Jones v. Boring -- Pa. Superior Court - September 30, 2005
Primary custody of twins awarded to non-biological parent of a separated lesbian couple, based on "clear and convincing evidence" that the children were better off with her.
The couple had a relationship starting in 1988. Boring was impregnated by anonymous sperm donor and had twin boys in 1996. The couple lived together as a family unit until January 2001, when Boring left Jones' residence, where they had all lived, taking the children with her.
Initially the court ordered joint legal custody.
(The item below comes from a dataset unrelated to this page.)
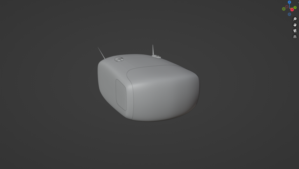 My first iteration of the ship had a box-like look to it. The front panels would be made from a glass texture and act as the windows the driver would look through, I noted that at the time having these panels curve may create problems with reflections when it came to rendering. Additionally, on the top, I added some intakes and fins, these add an additional layer of detail making the design look more like an actual ship. By giving the ship a large width it allows for a good amount of internal space for the driver’s cockpit. However, I wasn’t personally pleased with the shape as I found that it didn’t look very aerodynamic or appropriate for a single-seat cockpit.

Boring was awarded primary custody and Jones -- whose right to in loco parentis status was clear -- had "relatively typical partial custody....rights." As time passed however, the court concluded the Jones had shown by clear and convincing evidence that it was in the children's best interest that she have primary custody.
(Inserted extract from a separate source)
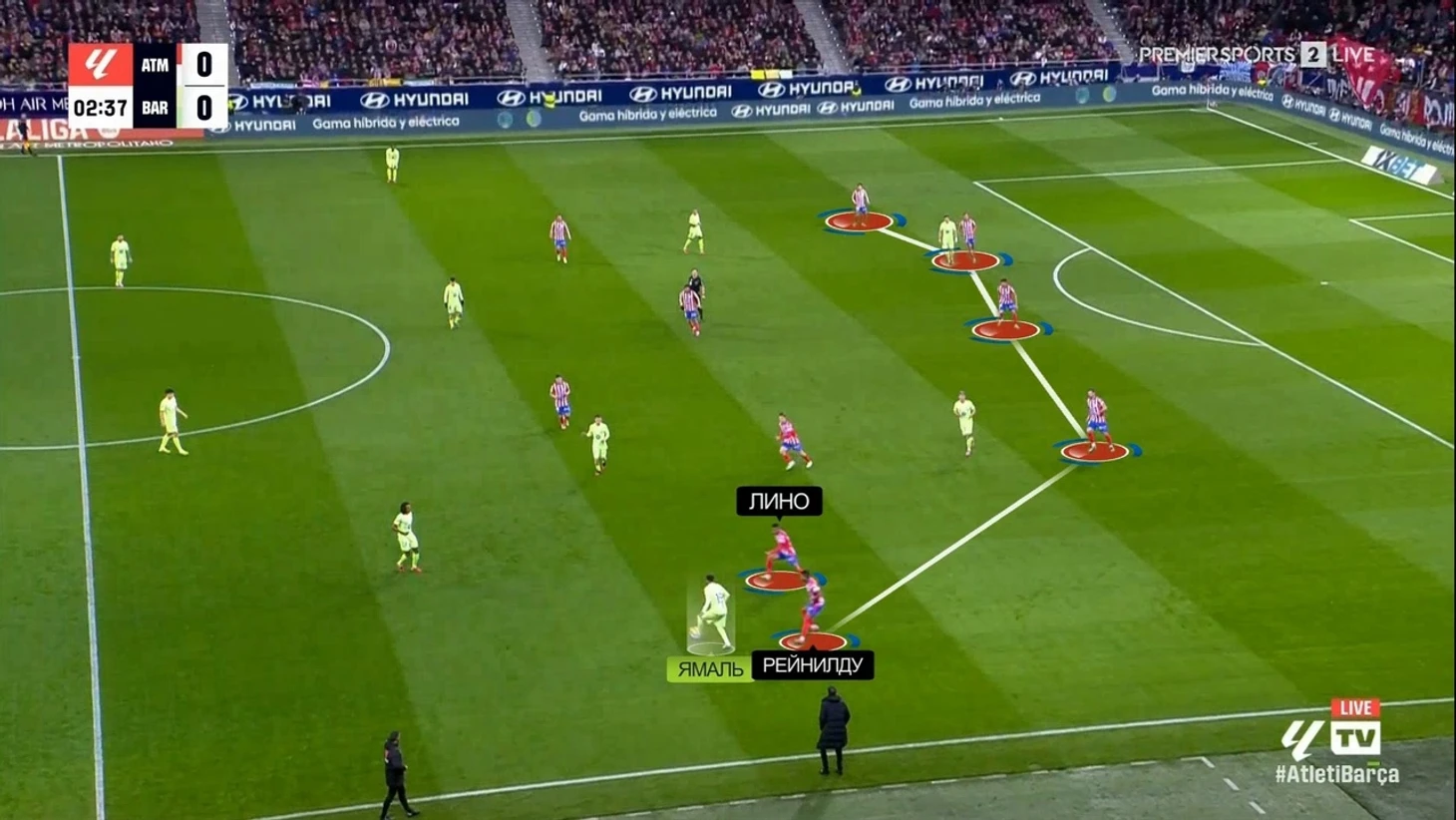 2. Фланг Рейнилду – Лино. В кубковом матче Ямаль просто разрывал Хави Галана, поэтому в этот раз Симеоне выставил более оборонительного исполнителя на эту позицию. Рейнилду дисциплинированно играл по Ямалю – выдвигался за ним, как только Ламин получал мяч:

The court rejected Boring's argument that Jones had to prove that she, Boring, was "unfit." The court said that a person who is not a biological parent but stands in loco parentis "does not need to establish that the biological parent is unfit, but instead must establish by clear and convincing evidence that it is in the best interest of the children to maintain that relationship or be with that person." (emphasis in original).
Most telling was Boring's "multi-year effort to exclude Jones from the children's life [sic]....[T]he record is replete with evidence that Boring tried in every way possible to sabotage Jones' relationship with the children."